A few months ago, investors were worried that China's economy was overheating. But as new loans, the leading economic indicator, grew more slowly this year, their worries may have disappeared to some extent, though this means that China's economic growth may also slow.

Yuan Gangming, a researcher at the Center for China in the World Economy under Tsinghua University, said based on statistics on the industrial added value, loans, investments, and other aspects in recent months, China's economy is not overheating. Instead, the growth rate will slow to a certain extent.

A central bank insider said that in the first half of 2010, the central bank tried to make the macro-control measures more targeted and flexible and the credit policy more practical to ensure balanced loans while continuing the moderately loose monetary policy.

China's M2, or broad money supply, reached 67.4 trillion yuan at the end of June, up almost 19 percent compared with the same period of last year, with the growth rate being 2.5 and 9.2 percentage points lower than that at the end of last month and last year, respectively.

At the same time, China's M1, or narrow money supply, totaled nearly 24.1 trillion yuan at the end of June, up nearly 25 percent compared with the same period last year, with the growth rate being 5.3 and 7.8 percentage points lower than that at the end of last month and last year, respectively. In addition, China's M0 (circulating currency) reached 3.9 trillion yuan at the end of June, up nearly 16 percent compared with the same period last year.
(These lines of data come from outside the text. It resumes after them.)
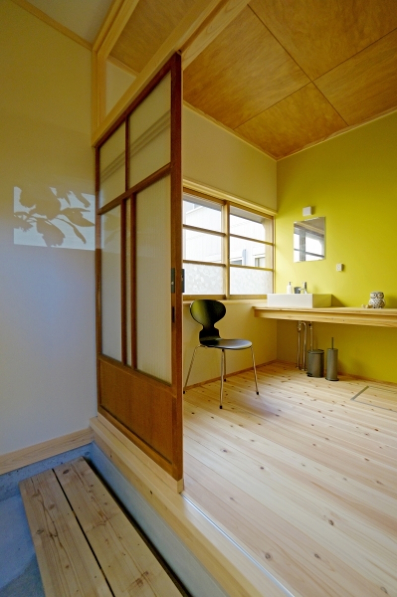 暗くなりがちな洗面スペースを、外部から入る自然光とよく合う壁色を選ぶことですっきり明るい空間に。壁に写る外部樹木の影もこの空間のポイント。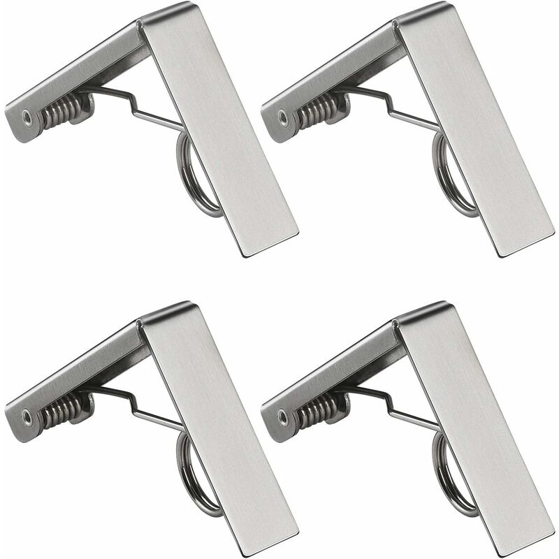 Clip per tovaglia a molla: la clip in metallo è composta dalla molla ad anello e dalla piastra metallica ad angolo retto, una maggiore flessibilità può prendere una presa salda delle tue tovaglie, mantenere le tovaglie in posizione nonostante il vento. Alta qualità- Il nostro set include 4 clip per tovaglie, realizzate in acciaio inossidabile, resistenti alla ruggine e durevoli, inoltre non rovineranno le tue tovaglie e non lasciano segni sulla tovaglia.tovaglia. Ampia applicazione: le clip per tovaglie in acciaio inossidabile ti consentono di svolgere attività all'interno e all'esterno, perfette per ristoranti, matrimoni, articoli vari per festival, picnic, feste.casa e feste, le tue tovaglie non verranno sfilate quando il vento o i bambini giocano. Design semplice: questa clip per tovaglia è facile da installare e rimuovere, l'elegante design a forma di rettangolo si abbinerà perfettamente ai vari stili di tovaglie. inoltre la bella rifinitura con il bordo liscio che è sicuro.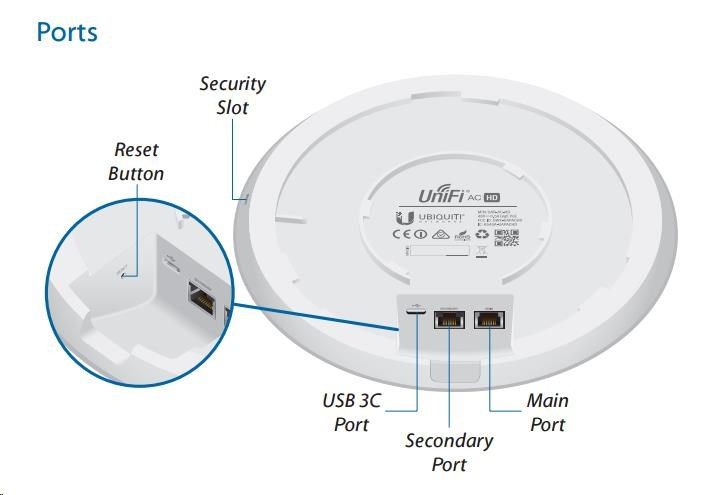 uniFi AP AC HD je prvým zariadením 802.11ac wave2 AP od Ubiquiti s celkovou priepustnosťou až 2533Mbps (2.4GHz 800Mbps + 5GHz 1733Mbps), má 4x4 MU-MIMO všesmerové dvojpásmové polarizácie. 3dBi antény pre 2.4GHz a 4dBi pre 5GHz s rádiovým výkonom do 25dBm pre obe frekvencie 2.4 a 5GHz súčasne. Podporuje 802.11a/b/g/n/ac/ac wave2, má dve gigabitové.ethernet. porty (druhý je v mostíku). Môže byť napájaný prostredníctvom aktívneho PoE podľa 802.3at alebo pasívne (48 V DC), adaptér PoE je súčasťou dodávky (pasívne). Maximálna spotreba energie je 17 W.

The expansion of bank loans has slowed and China's financial system operated smoothly, which has consolidated the upward trend in China's national economy, according to the People's Bank of China.

The Purchasing Managers' Index (PMI) for June dropped to 52.1 from 53.9 in May, down 1.8 points, worsening people's fear of a slowdown in the manufacturing industry because enterprises in some sectors had seen shrinking demand for currency loans over the past two months.

However, some experts say that there are fluctuations in economic growth. A sharp downturn may not appear if the Chinese government further conducts more flexible and effective macro-controls.